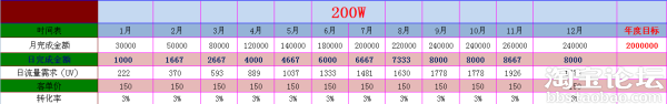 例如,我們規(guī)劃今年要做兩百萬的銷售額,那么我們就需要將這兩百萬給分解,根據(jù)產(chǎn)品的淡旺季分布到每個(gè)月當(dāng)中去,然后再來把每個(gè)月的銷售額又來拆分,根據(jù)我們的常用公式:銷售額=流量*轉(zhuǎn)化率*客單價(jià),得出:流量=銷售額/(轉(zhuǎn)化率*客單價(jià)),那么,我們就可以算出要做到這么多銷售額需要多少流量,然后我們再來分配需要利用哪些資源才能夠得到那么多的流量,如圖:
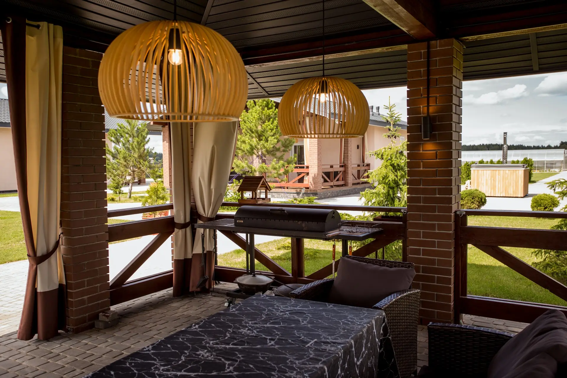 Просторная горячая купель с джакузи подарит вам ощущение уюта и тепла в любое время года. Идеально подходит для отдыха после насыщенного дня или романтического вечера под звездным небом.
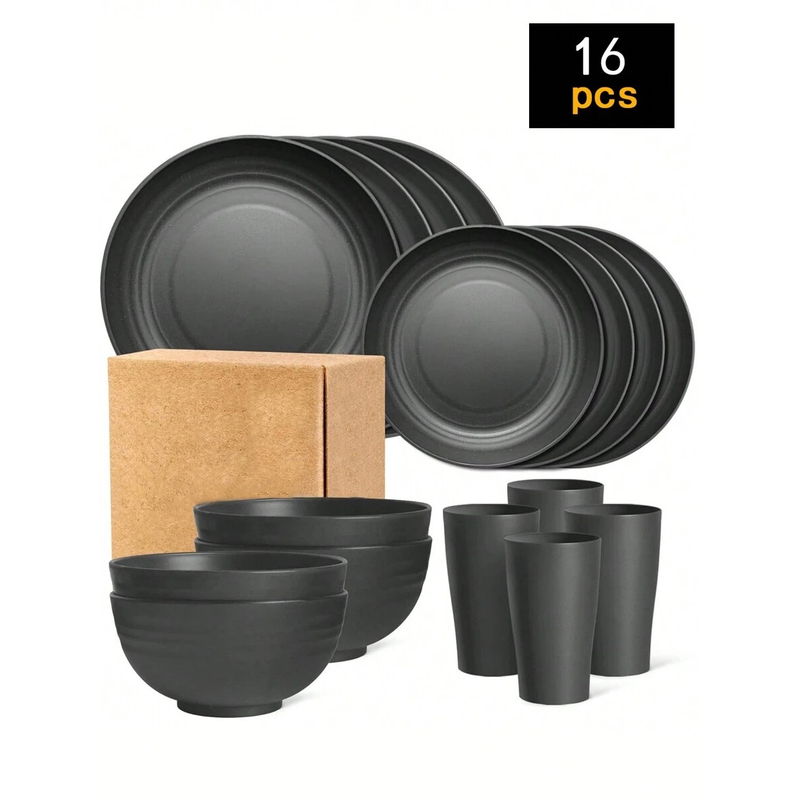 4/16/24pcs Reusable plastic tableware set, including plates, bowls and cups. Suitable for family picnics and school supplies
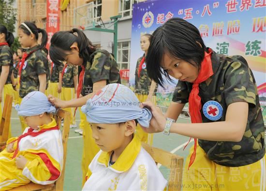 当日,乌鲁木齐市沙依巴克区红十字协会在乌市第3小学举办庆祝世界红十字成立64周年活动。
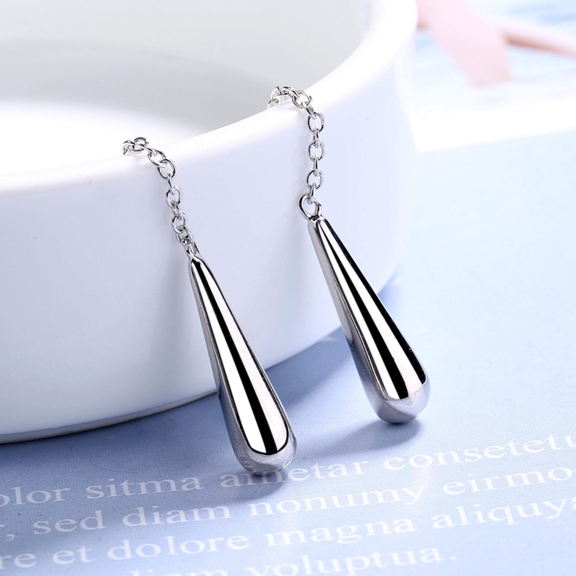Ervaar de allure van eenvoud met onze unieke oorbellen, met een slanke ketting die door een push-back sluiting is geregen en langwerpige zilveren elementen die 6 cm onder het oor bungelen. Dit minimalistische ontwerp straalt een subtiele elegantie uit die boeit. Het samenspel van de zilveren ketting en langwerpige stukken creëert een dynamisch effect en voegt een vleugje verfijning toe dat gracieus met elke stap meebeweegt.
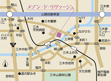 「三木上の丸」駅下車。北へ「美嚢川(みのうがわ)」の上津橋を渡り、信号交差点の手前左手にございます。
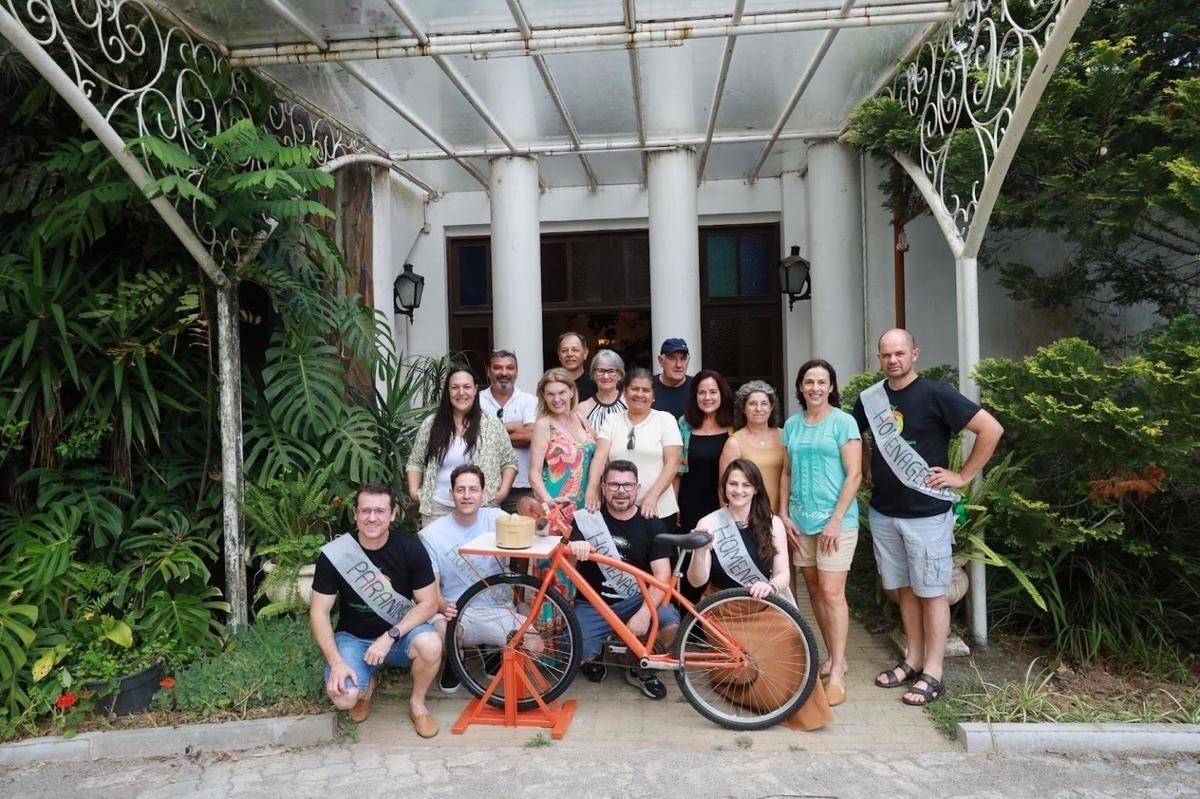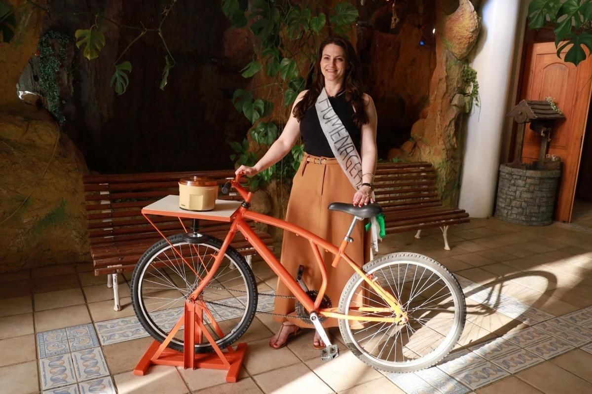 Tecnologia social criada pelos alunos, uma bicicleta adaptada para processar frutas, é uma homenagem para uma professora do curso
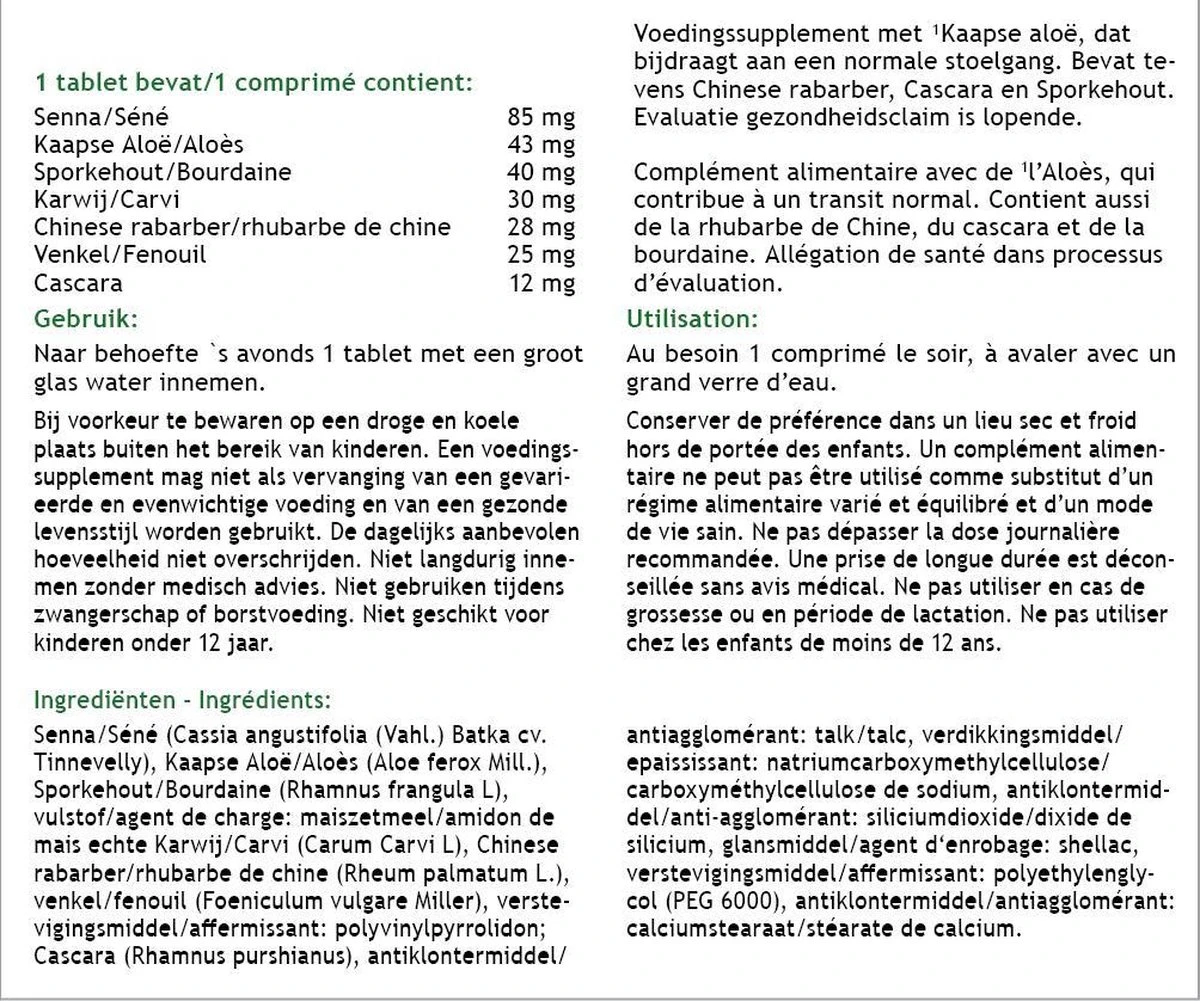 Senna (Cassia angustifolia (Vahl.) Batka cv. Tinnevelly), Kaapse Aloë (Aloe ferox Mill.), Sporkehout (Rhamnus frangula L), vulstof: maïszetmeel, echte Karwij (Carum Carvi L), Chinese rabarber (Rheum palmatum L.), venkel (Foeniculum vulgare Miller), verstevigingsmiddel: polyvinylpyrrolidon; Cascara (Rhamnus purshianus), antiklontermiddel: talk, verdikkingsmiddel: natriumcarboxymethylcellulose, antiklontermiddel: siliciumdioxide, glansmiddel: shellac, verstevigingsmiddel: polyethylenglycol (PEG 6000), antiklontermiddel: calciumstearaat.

====

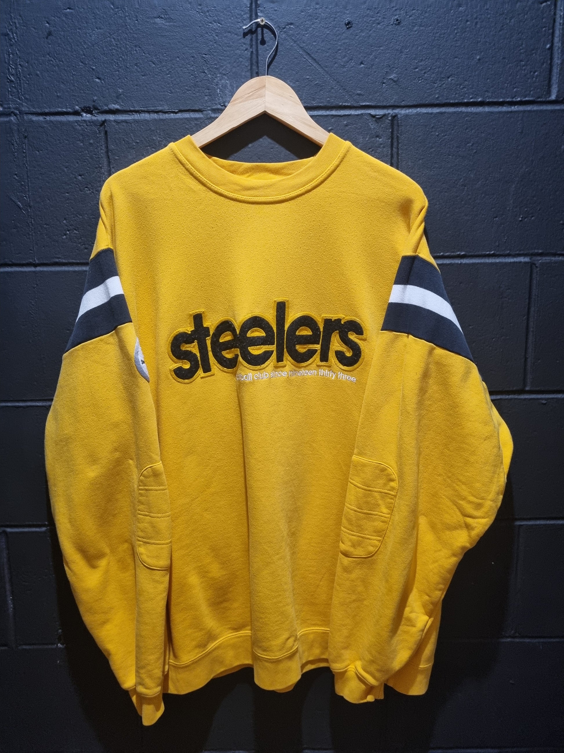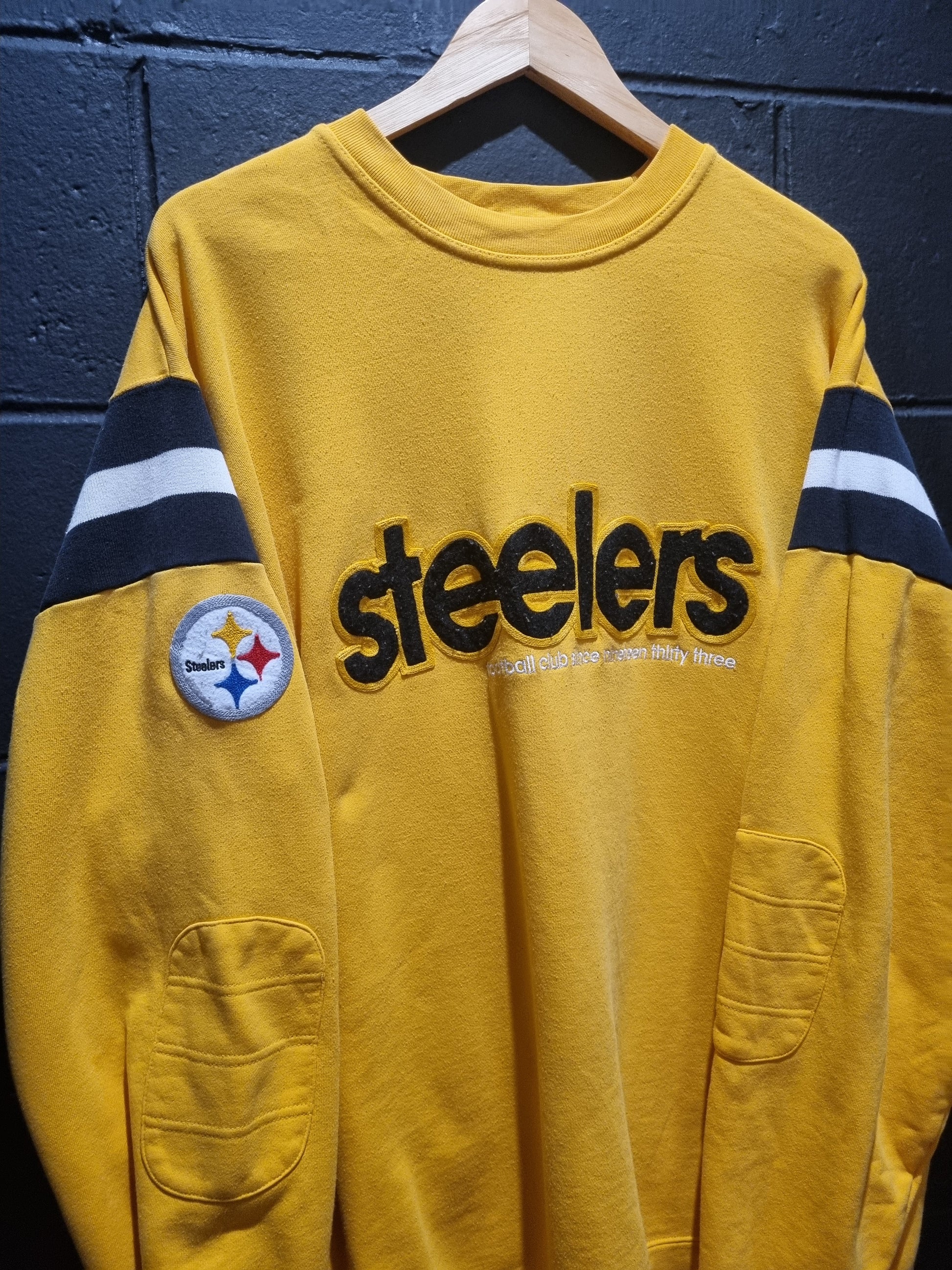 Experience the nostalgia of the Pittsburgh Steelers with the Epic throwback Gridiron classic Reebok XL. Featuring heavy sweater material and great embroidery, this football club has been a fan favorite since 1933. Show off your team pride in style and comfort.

====

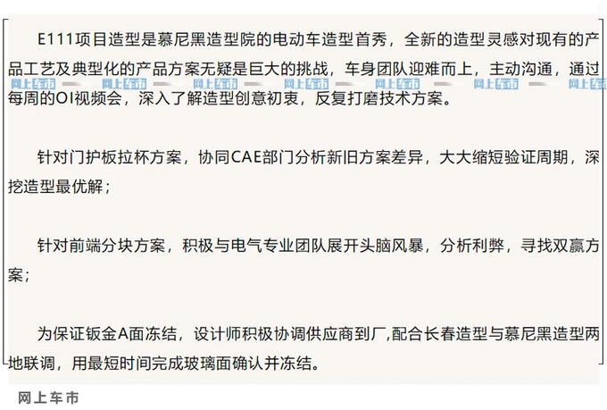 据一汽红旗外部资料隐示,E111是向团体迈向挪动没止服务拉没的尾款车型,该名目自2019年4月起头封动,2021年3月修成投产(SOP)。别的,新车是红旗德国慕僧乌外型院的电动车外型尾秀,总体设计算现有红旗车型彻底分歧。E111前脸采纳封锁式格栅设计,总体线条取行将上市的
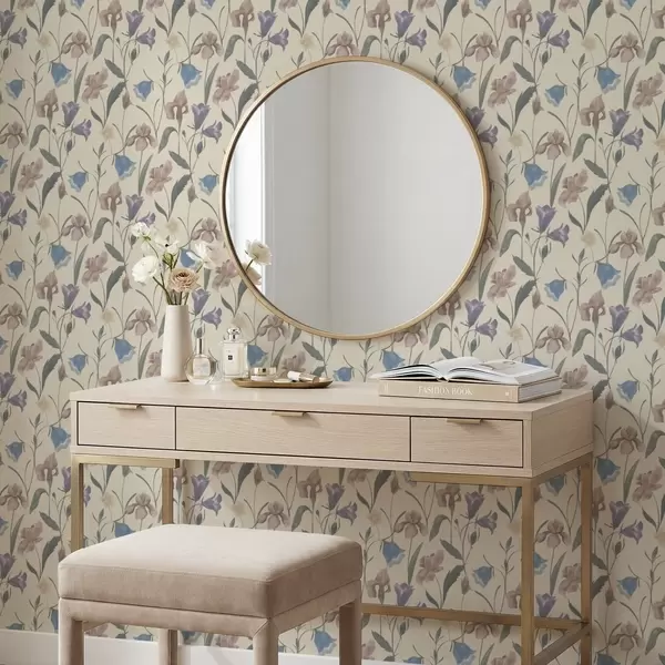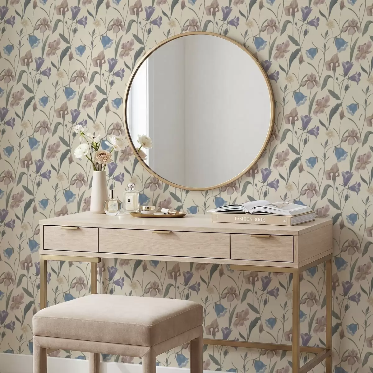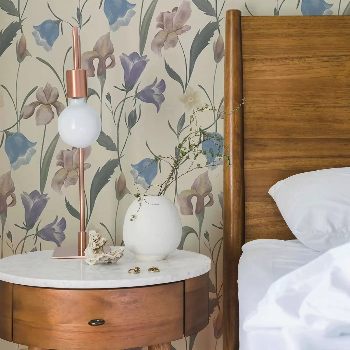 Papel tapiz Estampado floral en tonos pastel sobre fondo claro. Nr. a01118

====

> **Activity**: For this task, return exactly the stretch of the listing above from the line with "Ervaar de allure" through the line with "Tecnologia social criada", inclusive and without pictures.

> **Solution to the exercise**:
Ervaar de allure van eenvoud met onze unieke oorbellen, met een slanke ketting die door een push-back sluiting is geregen en langwerpige zilveren elementen die 6 cm onder het oor bungelen. Dit minimalistische ontwerp straalt een subtiele elegantie uit die boeit. Het samenspel van de zilveren ketting en langwerpige stukken creëert een dynamisch effect en voegt een vleugje verfijning toe dat gracieus met elke stap meebeweegt.
 「三木上の丸」駅下車。北へ「美嚢川(みのうがわ)」の上津橋を渡り、信号交差点の手前左手にございます。
 Tecnologia social criada pelos alunos, uma bicicleta adaptada para processar frutas, é uma homenagem para uma professora do curso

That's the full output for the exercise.